A razão por que se acentuam as palavras graficamente no português seria a seguinte: acentuamos, porque, felizmente ou infelizmente, na escrita, existem regras preestabelecidas que nos obrigam de certa forma a acentuar as palavras de nossa língua materna, além disso; devemos acentuar os vocábulos do português para de certo modo realçar, enfatizar, e até, diferenciar na escrita as sílabas átonas das tônicas, por isso, as sílabas com o som mais forte são chamadas de tônicas, já as átonas são as sílabas com o som mais fraco. Esta consideração deve ser respeitada, a priori, na escrita.
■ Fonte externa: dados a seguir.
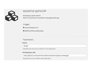 The document outlines 'warpdrive', a tool designed to simplify the deployment of Python web applications, particularly using Django. It details the steps for setting up a virtual environment, installing dependencies, and configuring a WSGI server for both local development and production. The document also emphasizes integration possibilities with various hosting platforms and seeks feedback from users.
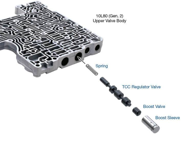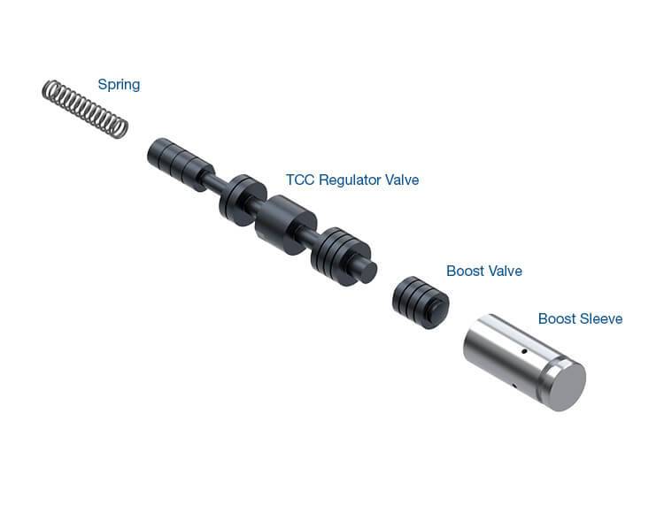 In GM Gen. 2 10L60, 10L80, 10L90 and Allison 10L1000 transmissions, the TCC regulator valve controls the application and release of the torque converter. The boost valve and sleeve assembly receives signal fluid that forces the valve to shuttle to its regulating position. In this position, the torque converter apply circuit is open to the secondary line and the torque converter release circuit is vented. This moves the converter into lockup state. Once the signal fluid is removed from the circuit, the TCC regulator valve returns to its install position where the torque converter apply circuit is disconnected from the secondary line and the torque converter release circuit is pressurized. This returns the converter to its released state.
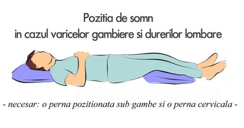 Dar sa nu intram atat de mult in amanunte privind complicatiile varicelor gambiere. Pentru a ajuta venele sa dreneze este recomandat ca pe timpul noptii nivelul talpilor sa fie putin mai sus decat cel al bazinului. Pentru a obtine aceasta pozitie fie dorimiti cu picioarele ridicate pe o perna, fie puneti o patura sul sub saltea sau perne sub saltea, in capatul unde dormiti cu picioarele. Aceasta din urma este cea mai comoda varianta.
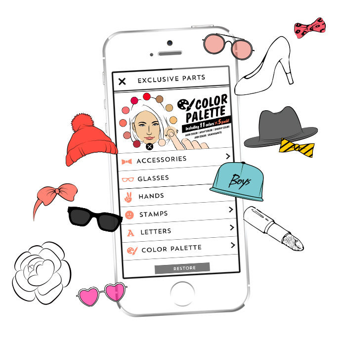 最先端のトレンドファッションや、数々の感情を表現出来るスタンプなど随時追加されていきます。
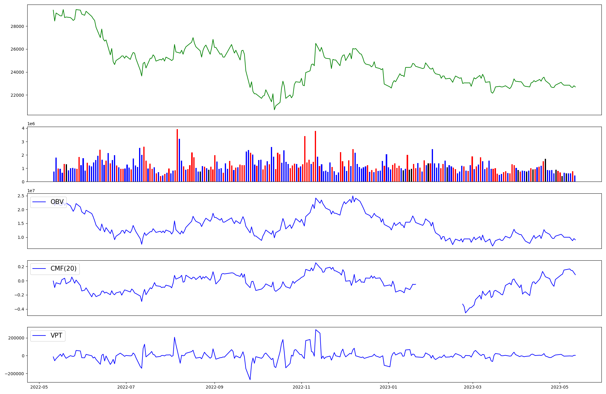 | OBV | CMF | VPT | |
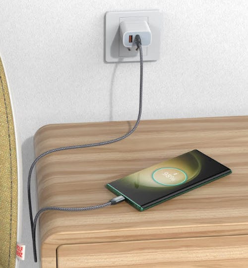 Created from military-grade nylon fiber, these type-C USB cables can bend and flex without any issues. Arriving in a pack of two, each cord measures in at 3.3 feet. They have high temperature protection as well as short-circuit protection, and charge your devices fast. While you need to buy a power block separately, these cords are great to have on hand, especially if you've got multiple devices. You can even choose between four colors.
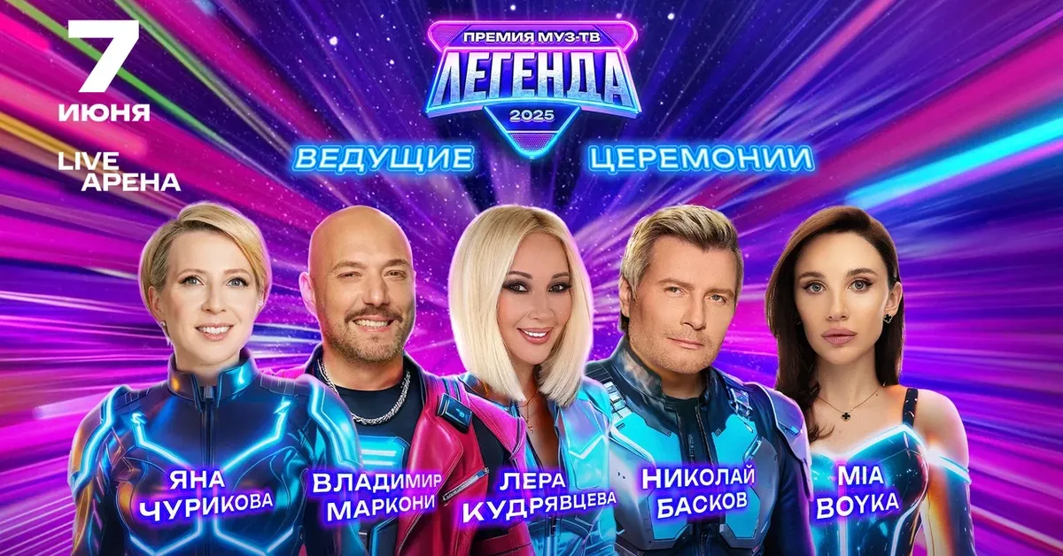 Ведущими Премии МУЗ-ТВ 2025 станет уникальная по составу звёздная пятёрка: обаятельная Яна Чурикова, харизматичный Владимир Маркони, обворожительная Лера Кудрявцева, очаровательная MIA BOYKA и Народный артист России, неподражаемый Николай Басков. Каждый из них по-своему легенда и любимец миллионов зрителей, а вместе они – идеальный микс энергии, юмора, стиля и красоты, который точно не заставит скучать!
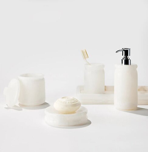 More than just beautiful, the Volterra Collection is thoughtfully designed to bring style and purpose together. The soap pump and dish offer graceful convenience, while the tissue box and wastebasket deliver seamless integration into any design scheme. The tray and storage jar are perfect for keeping essentials within reach, while the toothbrush holder adds a refined touch to your countertop. These alabaster accessories strike the perfect balance of form and function, making them ideal for both minimalist and luxurious interiors.
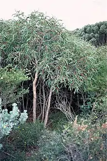 4. 1 2 3 Brooker, M. Ian H.; Hopper, Stephen (1986). "Notes on the informal subgenus Monocalyptus of Eucalyptus (Myrtaceae) and the description of three new upland species from south-west Western Australia". Nuytsia. 5 (3): 346–351. Retrieved 11 September 2019.
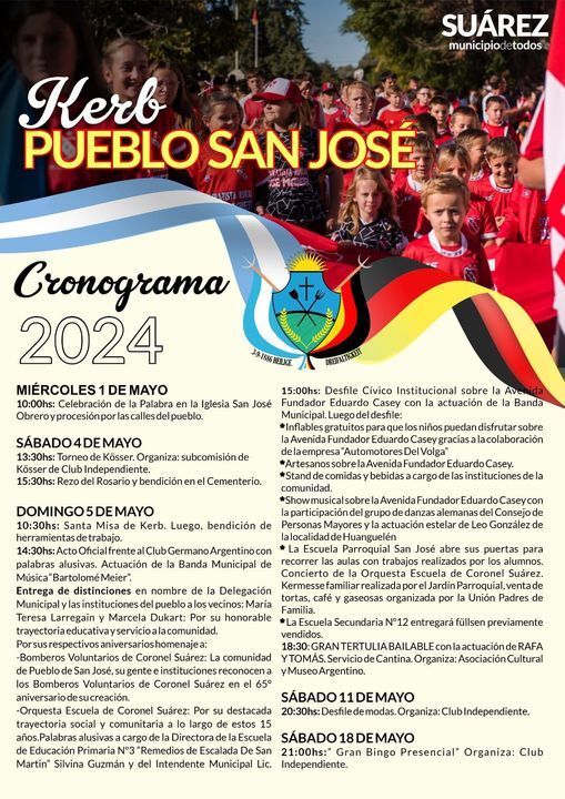 El Intendente de Coronel Suárez Ricardo Moccero junto al delegado de Pueblo San José Daniel Schwindt y las instituciones de la segunda colonia alemana, invitan a la comunidad a participar del cronograma de actividades organizado con motivo de una nueva Fiesta Patronal.
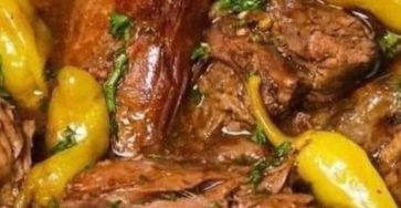 Ingredients: 1 Chuck Roast 1 Packet Hidden Valley Ranch Dressing Mix 1 Packet McCormick Au Jus mix 5 whole pepperoncini…
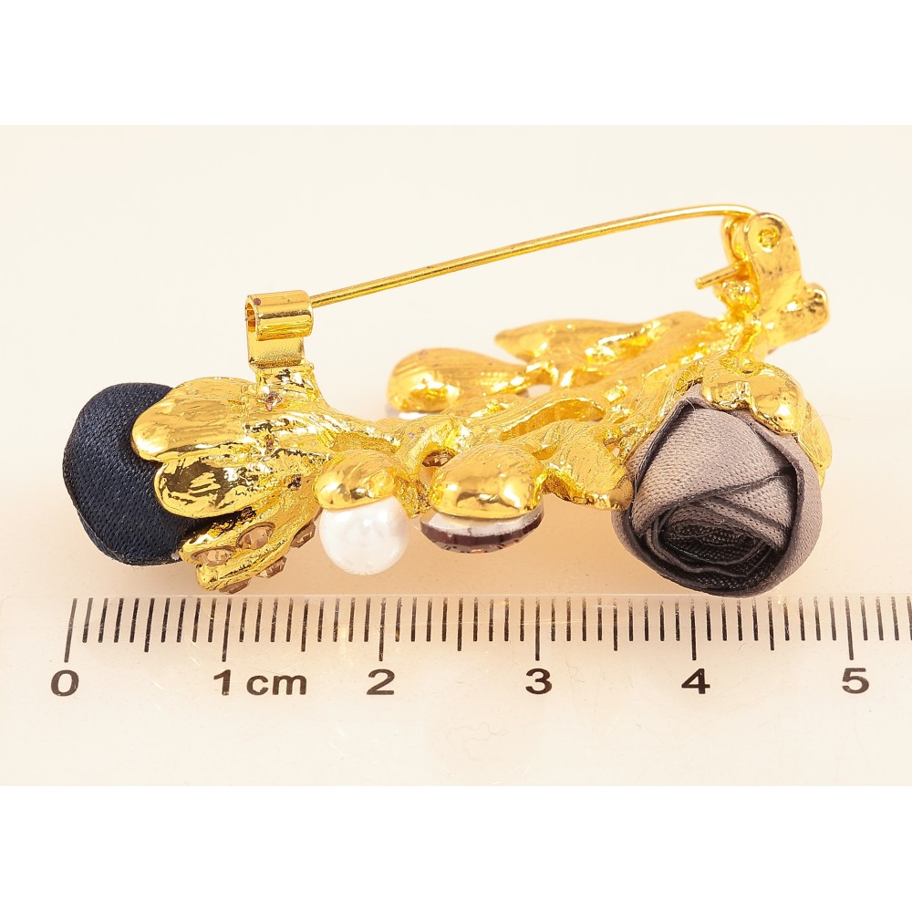 Брошка "Гілочка з синьо-бежевими квіточками, стразами та перлинами"
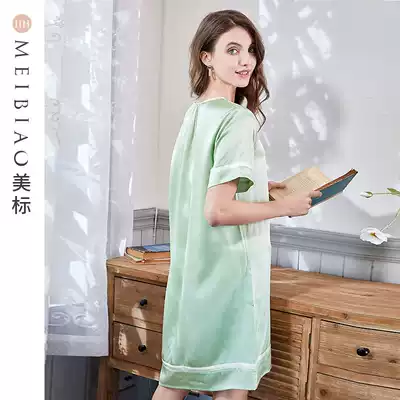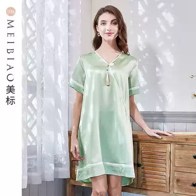 American19 Momi heavy silk night dress Women's spring and summer Panhua 100%Mulberry silk pajamas sexy silk home clothes

Por quê?
Porque, simplesmente, é na fala que temos os recursos mais amplos para a compreensão e interação da mensagem, por exemplo: os gestos, o fato de estarmos face a face com o nosso interlocutor/locutor, a entonação, a dicção; além disso, tem a questão de muitas pessoas terem uma audição, praticamente, perfeita que distingue sons fracos dos fortes, ou seja, temos a faculdade em discernir sons agudos, mais fracos, de sons graves, mais fortes.
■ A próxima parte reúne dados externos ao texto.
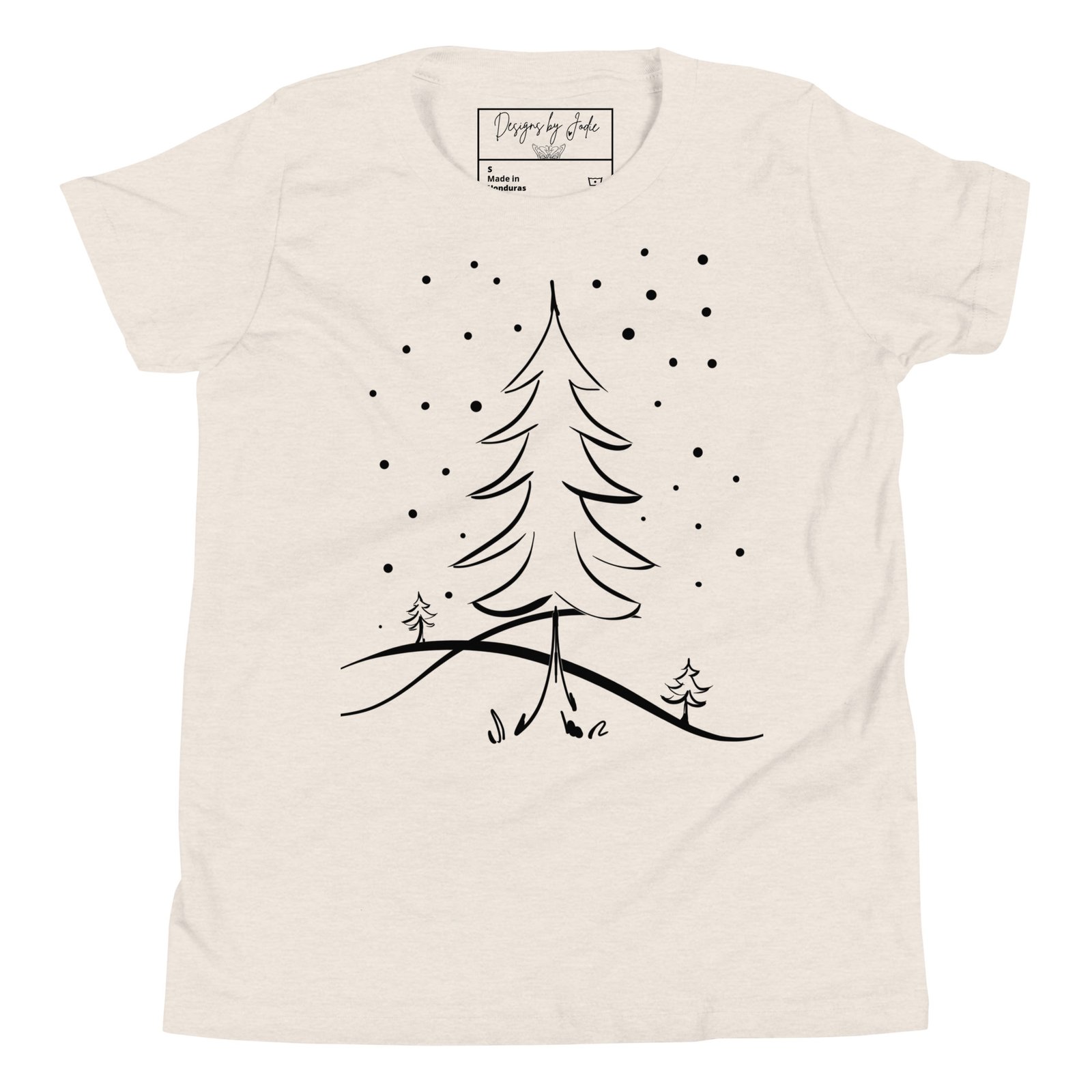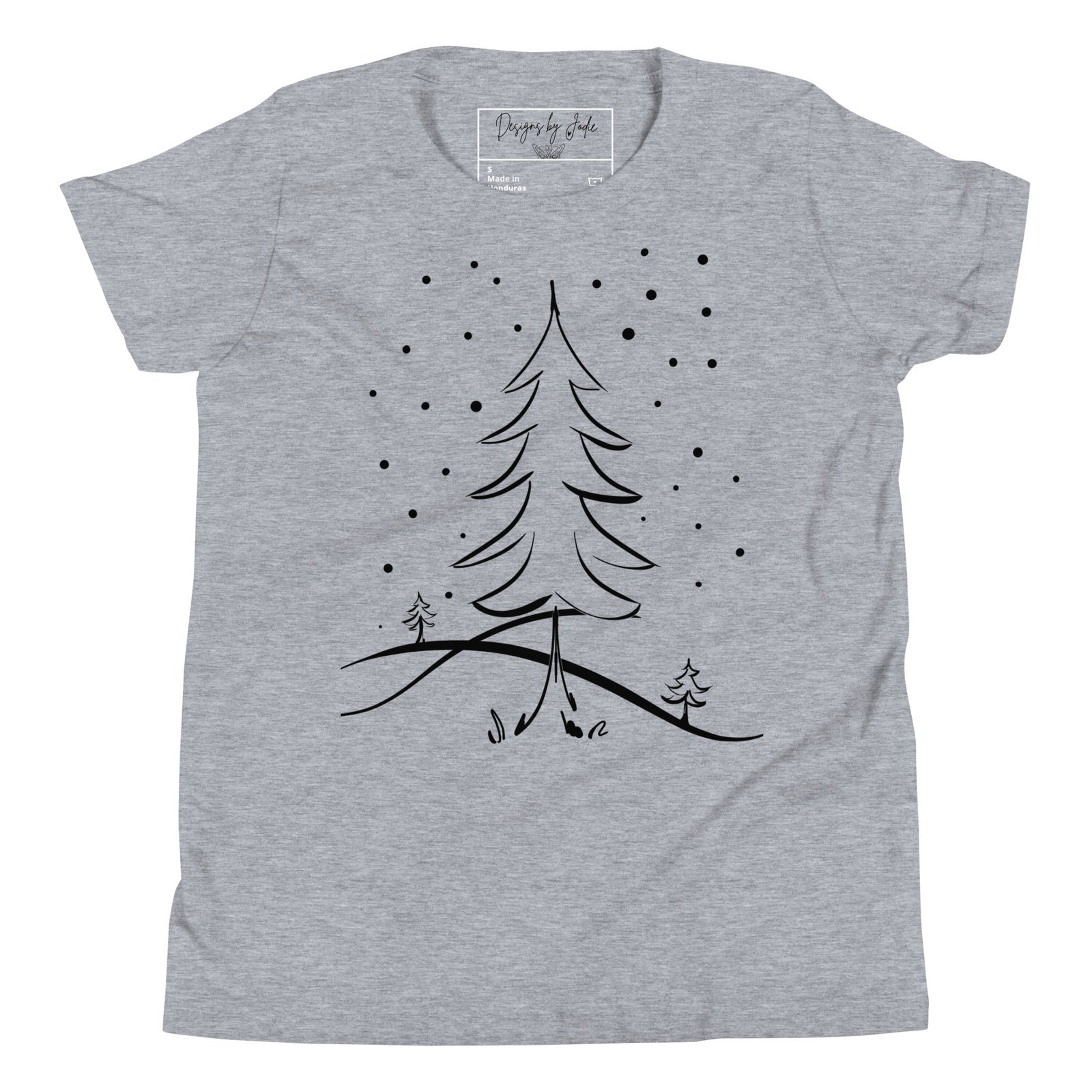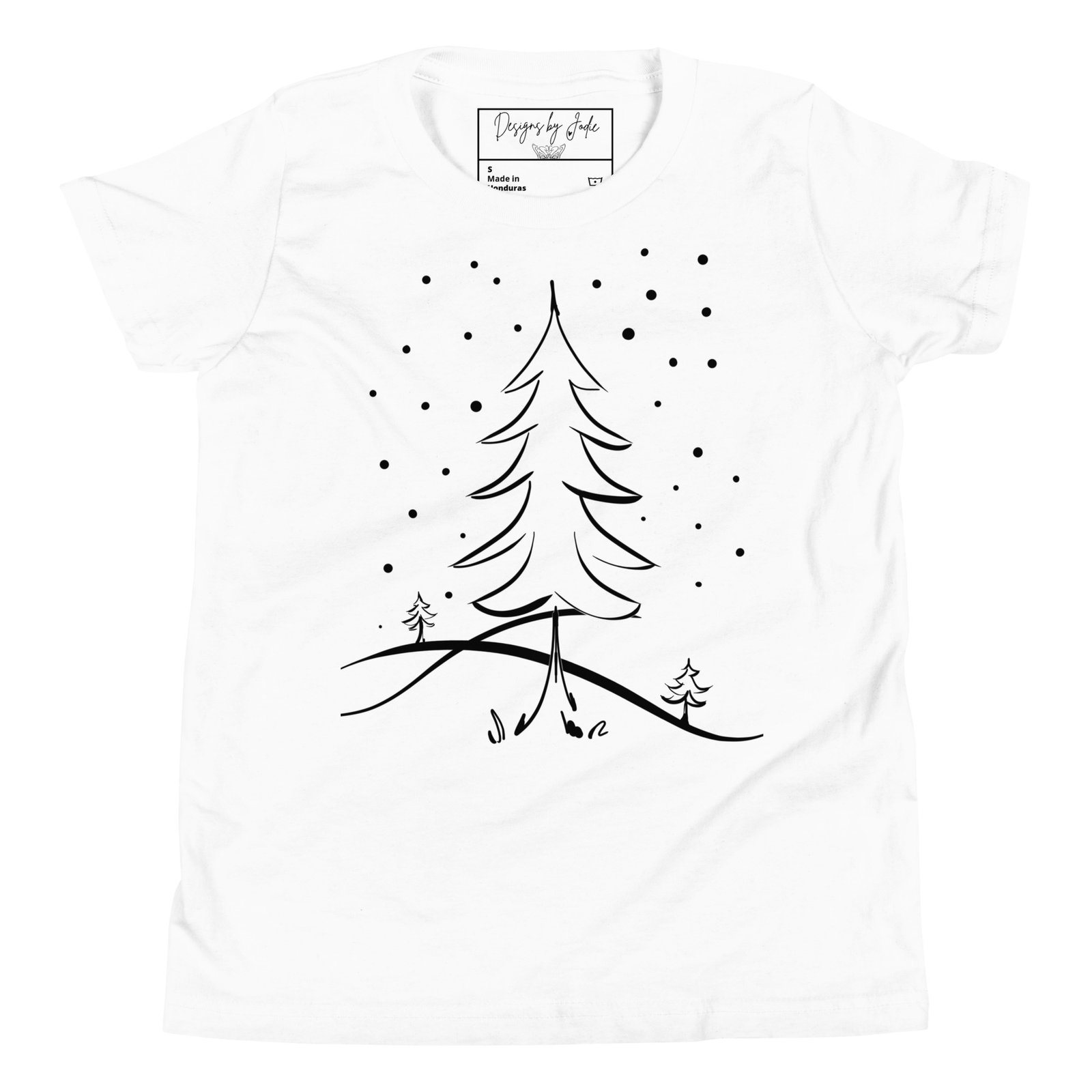 Add a touch of holiday elegance to your wardrobe with this beautifully designed Graphic tee, featuring an artistic old fashioned styled Christmas “Winter Wonderland” tree motif. With its choice colors and unique line work, and modern style, this graphic tee is a great choice for holiday gatherings, cozy nights, or festive outings. Everyone needs the perfect t-shirt to complement the Holiday laid-back look. The ideal top for so many occasions, this lightweight cotton tee will keep the kids comfy and looking festive the whole season! This is the tee that you’ve been looking for, and it’s bound to become a favorite in any youngster’s wardrobe.

Por isso, é que na escrita devemos acentuar as palavras, já que nesta modalidade, não temos muitos recursos, conforme temos na fala, porém, para acentuar as palavras, não devemos acentuá-las de forma aleatória, para isso, devemos seguir as regras de acentuação gráfica, o que parece muito óbvio; mas, talvez muitas pessoas não saibam disso, ou, às vezes; ignoram estas regras.
Por conseguinte, devemos acentuar as palavras do português seguindo alguns critérios, são eles:
a) Acentuam-se, geralmente, todas as palavras proparoxítonas, aquelas cuja sílaba tônica é a antepenúltima, apesar de sabermos que no caso da palavra ¹performance, mesmo sendo proparoxítona não deve ser acentuada, isto é, sua pronúncia adequada é dizê-la de forma que a antepenúltima sílaba seja a tônica, portanto, se formos levar sempre em consideração a regra que diz que toda palavra proparoxítona leva acento, estaríamos propensos a um julgamento inadequado no que tange à acentuação gráfica das palavras proparoxítonas. Mesmo assim, seguem alguns exemplos de proparoxítonas acentuadas: médico, ônibus, árvore, hexágono, pentágono, etc.
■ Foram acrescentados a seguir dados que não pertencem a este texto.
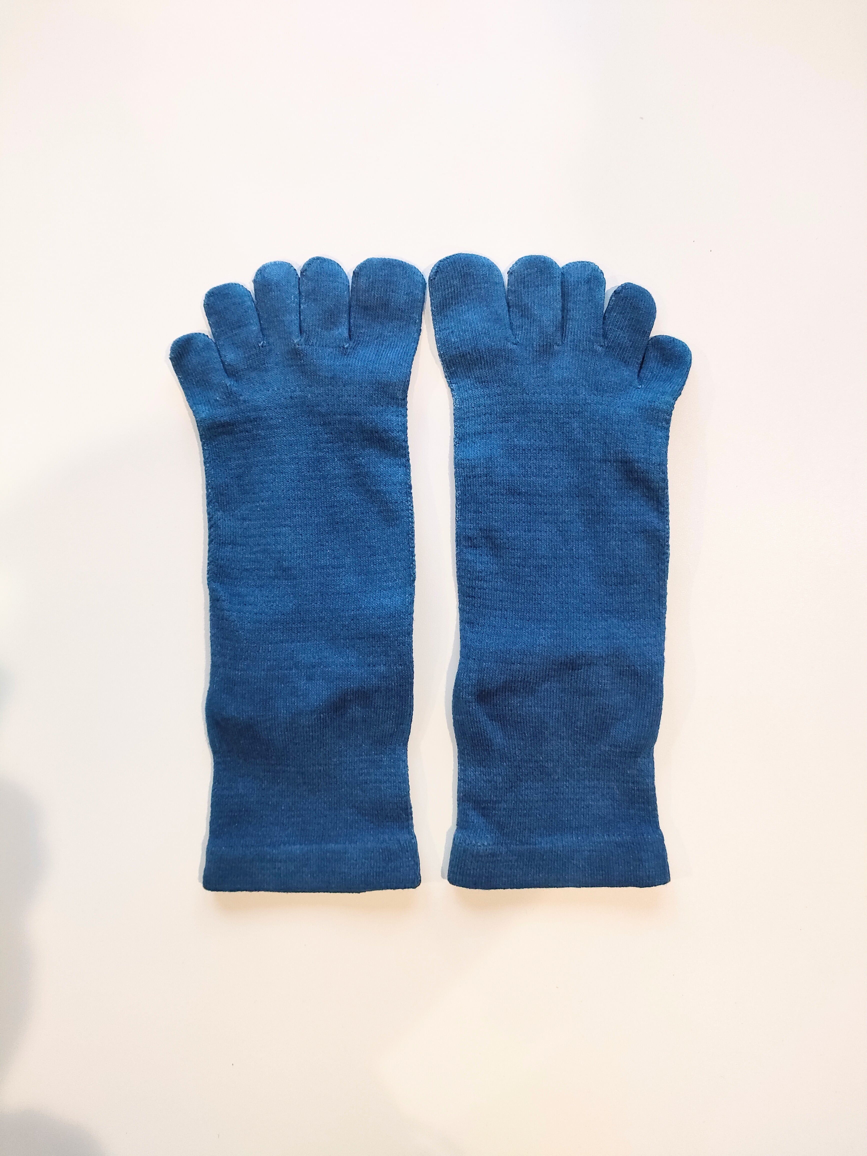 ◆ワイルドシルク&オーガニックコットン5本指靴下◆ ~100%オーガニックすくも使用 醗酵建て伊勢藍染~

b) Em se tratando das palavras oxítonas, cuja sílaba tônica é a última, devemos seguir o seguinte critério, acentuam-se as palavras oxítonas terminadas em a, e, o, seguidas ou não de s, e ainda as terminadas em em, seguidas ou não de s. Exemplos: café, sofás, cipó, armazéns, alguém, etc.
Quanto às paroxítonas, aqueles vocábulos cuja sílaba tônica é a penúltima, devemos acentuá-los seguindo tantas regras que se tornam quase impossível decorá-las, em vista disso, fazemos a seguinte sugestão: uma vez que acentuamos as palavras oxítonas terminadas, conforme, os casos, acima, vistos, por conseguinte, não acentuamos as palavras ²paroxítonas terminadas em a, e, o, em, seguidas ou não de s. Não acentuamos, por exemplo: menina, caso, elefante, janela, bolso, item, etc; já as que não seguem este mesmo critério, ou seja, os vocábulos paroxítonos que não terminam em a, e, o, em, seguidos ou não de s, são acentuados. Exemplos: açúcar, hífen, álbum, fórum, bíceps, táxi, ônix, fênix, possível, impossível, etc.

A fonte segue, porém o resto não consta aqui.